- [Exercise requirements]: All of the data should be output character for character, except the pictures.

Excerpts from a dataset:
------------------------------

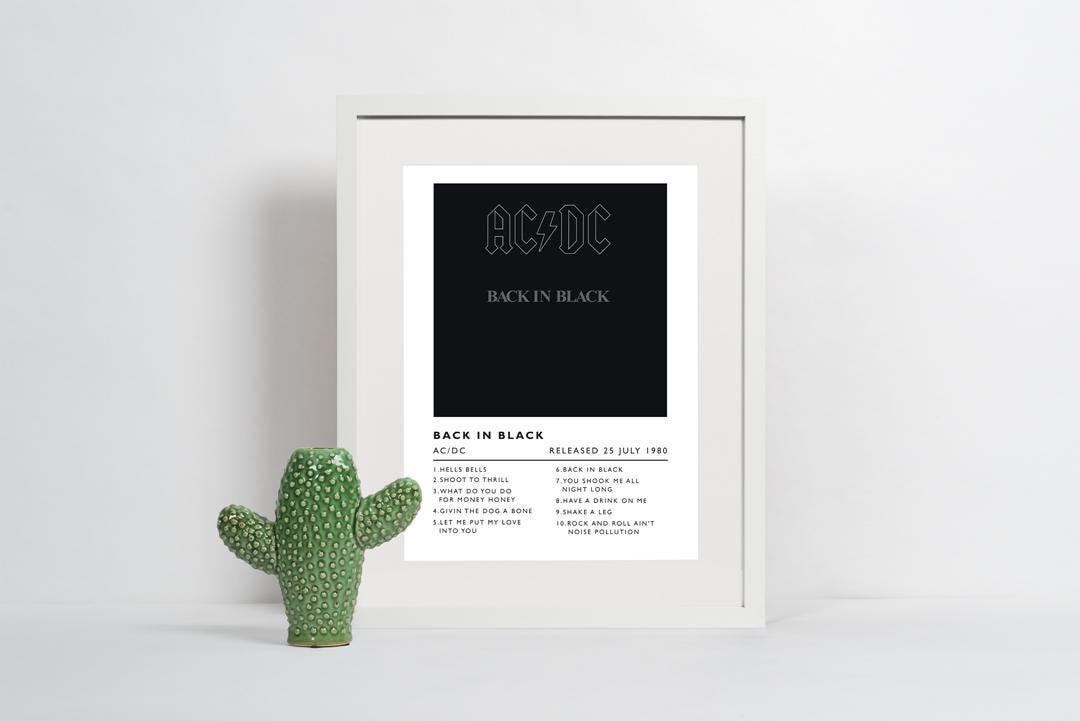 🎸 AC/DC – Back in Black | A3 Album Art Print – Retro Rock Wall Decor
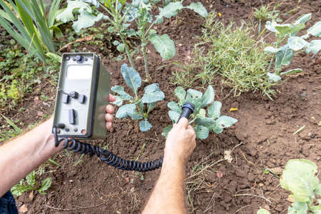 Laboratory worker testing plant sprouts before harvest in the field.
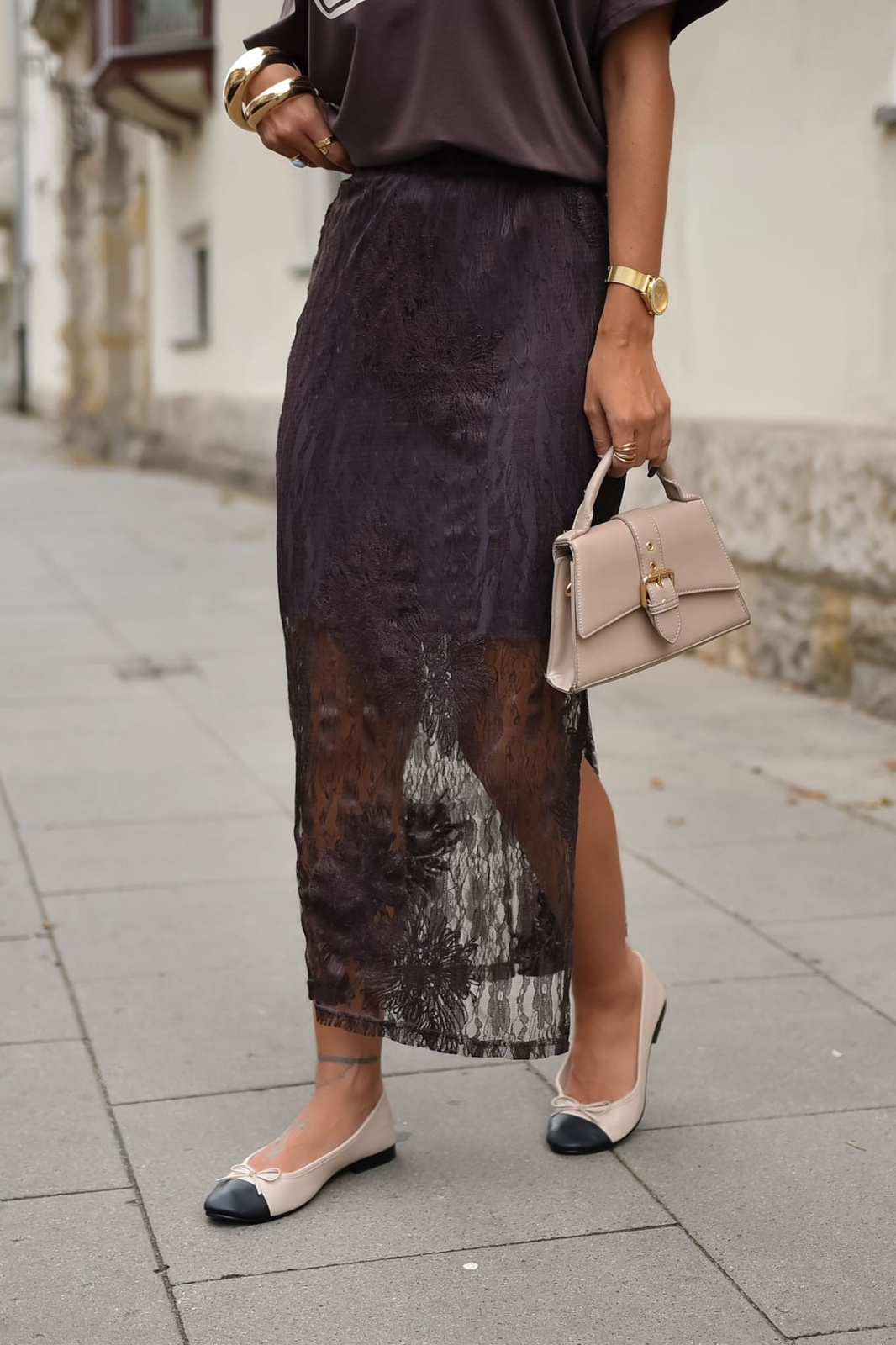 Czekoladowa koronkowa spódnica damska PULIA
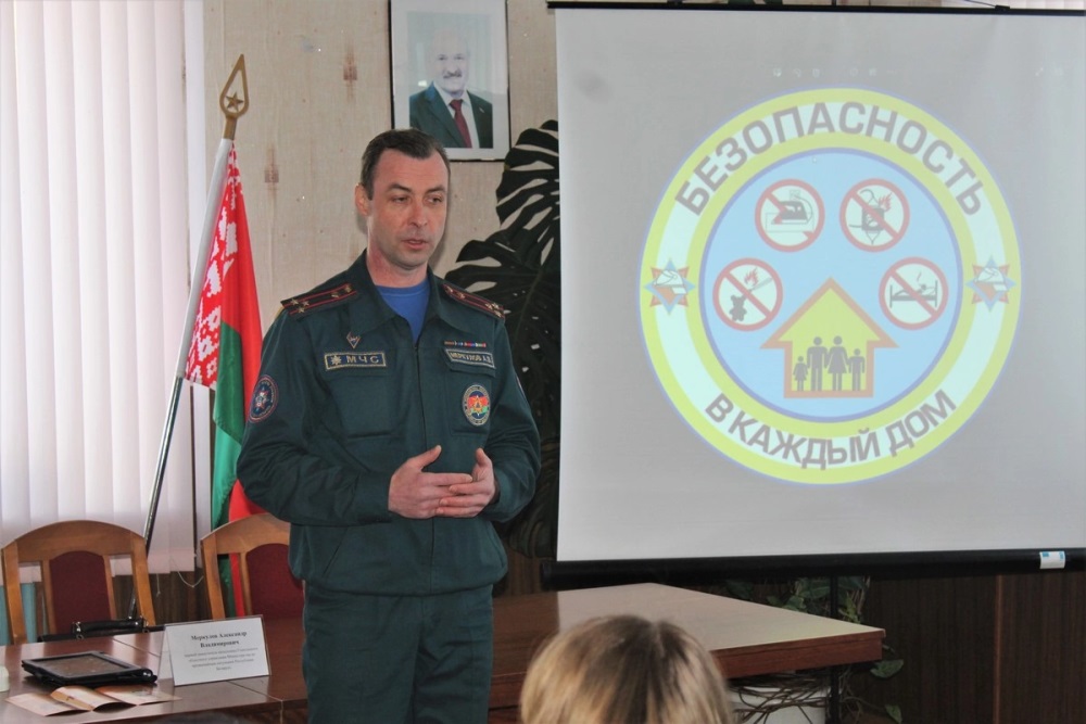 На завершающем ее этапе с сельскими жителями агрогородка Меркуловичи встретился первый заместитель начальника Гомельского областного управления МЧС Александр Меркулов.
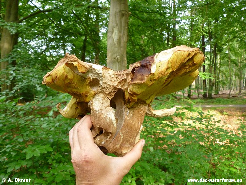 Dieser hatte einen Kappendurchmesser von 27 cm. Zu gebrauchen sind solch alte Pilze nicht mehr, so blieb er letzten Endes im Wald und sorgt hoffendlich noch für Nachwuchs ;)
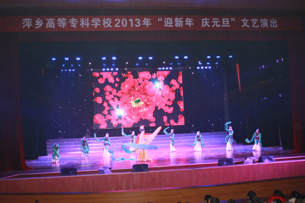 我校2013年“迎新年、庆元旦”文艺晚会12月27日下午4点在宜萱楼音乐厅隆重举行。在家校领导,有关兄弟院校领导,萍乡安源区、经济技术开发区相关单位领导出席晚会,与我校近1000名师生代表一同观看演出,喜迎2013年的到来。
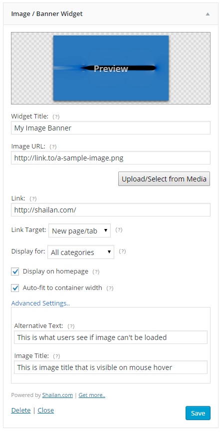 Add Images and Banners to your sidebars easily! Add title, link, alternative text, even set the link targets with one widget. No coding required!
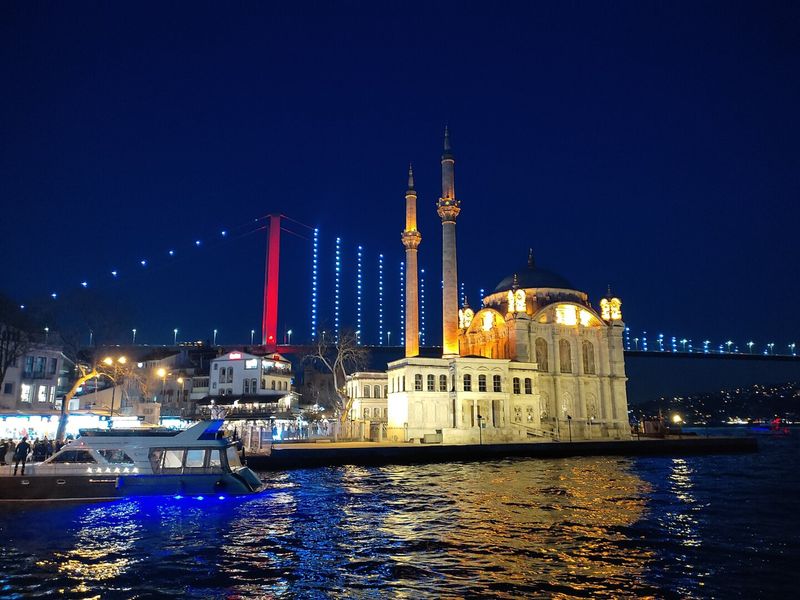 Ортакёй — это маленькая жемчужина прямо под мостом Мучеников 15 июля, где неоклассическая мечеть Ортакёй (1854 года) стоит буквально на воде, а за ней подсвечиваются старинные деревянные ялы XIX века.

------------------------------

- [Written solution]:
 🎸 AC/DC – Back in Black | A3 Album Art Print – Retro Rock Wall Decor
 Laboratory worker testing plant sprouts before harvest in the field.
 Czekoladowa koronkowa spódnica damska PULIA
 На завершающем ее этапе с сельскими жителями агрогородка Меркуловичи встретился первый заместитель начальника Гомельского областного управления МЧС Александр Меркулов.
 Dieser hatte einen Kappendurchmesser von 27 cm. Zu gebrauchen sind solch alte Pilze nicht mehr, so blieb er letzten Endes im Wald und sorgt hoffendlich noch für Nachwuchs ;)
 我校2013年“迎新年、庆元旦”文艺晚会12月27日下午4点在宜萱楼音乐厅隆重举行。在家校领导,有关兄弟院校领导,萍乡安源区、经济技术开发区相关单位领导出席晚会,与我校近1000名师生代表一同观看演出,喜迎2013年的到来。
 Add Images and Banners to your sidebars easily! Add title, link, alternative text, even set the link targets with one widget. No coding required!
 Ортакёй — это маленькая жемчужина прямо под мостом Мучеников 15 июля, где неоклассическая мечеть Ортакёй (1854 года) стоит буквально на воде, а за ней подсвечиваются старинные деревянные ялы XIX века.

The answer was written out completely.